Currently, the gold-standard for DR grading is a modified version of the Early Treatment Diabetic Retinopathy Study (ETDRS) adaptation of the Modified Airlie House Classification⁶. Fluorescein angiography and indocyanine green angiography have been combined for evaluating retinal and choroidal vasculature⁷. In recent years, a quantum leap in ocular imaging technique has been achieved. Enhanced depth imaging of spectral-domain optical coherence tomography (OCT) facilitates the measurement of choroidal thickness (CT) and the characterization of changes in the choroidal vessels in several chorioretinal diseases⁸. Recent advances in swept-source (SS)-OCT systems utilizing longer wavelengths (usually approximately 1,050 nm) and faster scanning speeds have improved tissue penetration, spatial resolution, and signal-to-noise ratio⁹, allowing better visualization of the choroidal vasculature, even microvascular changes.

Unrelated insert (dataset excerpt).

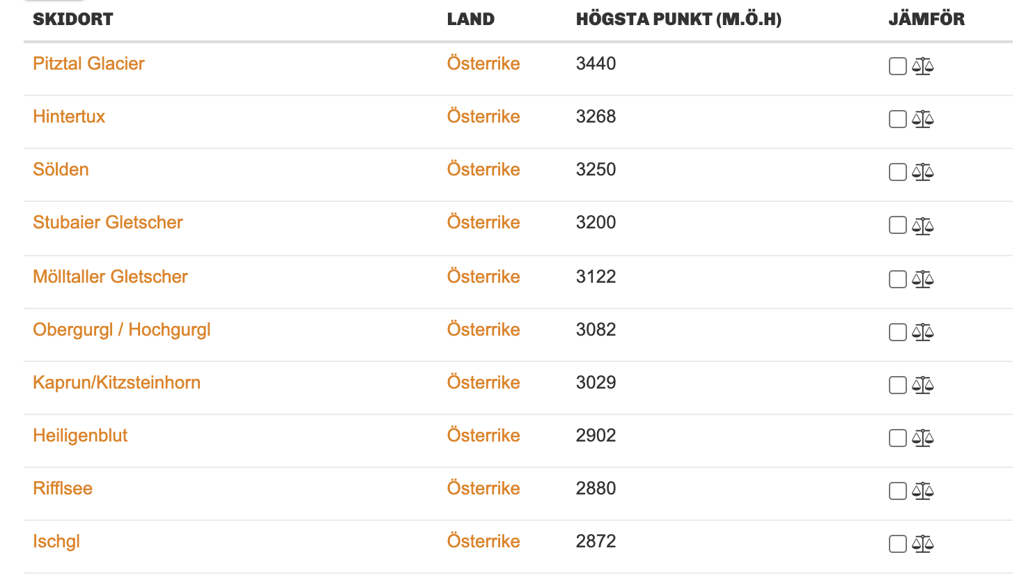 Dags att leta skidorter igen. Visste ni att Freeride.se har ett fantastiskt verktyg för att leta skidorter? Välj ”Skidorter” i huvudmenyn och gå in på ”Topplistor”, där kan ni sortera skidorter efter land, antal liftar, pistkilometer, högsta punkt, fallhöjd etc. etc….. vänta nu! ”Högsta punkt”, där har vi ju sökverktyget för höstskidresan!

Several choroidal alterations in diabetic patients have been described in the literature^10–14. Recently there has been a focus on CT, which differs significantly from that of healthy patients; however, inconsistent results have been reported. Several investigators have reported that CT was significantly reduced in mild or moderate non-proliferative DR (NPDR)^10,14. Conversely, others reported that subfoveal CT (SFCT) increased as DR worsened to proliferative DR (PDR), and decreased in diabetic macular edema (DME) or laser-treated eyes^11,12. Choroidal blood flow increased in NPDR patients, and decreased in laser-treated PDR patients¹³. These discrepancies are likely caused by the effect of various factors on CT^15–18. Furthermore, it remains uncertain whether CT changes are influenced by remodeling of choroidal vasculature or altered stromal elements.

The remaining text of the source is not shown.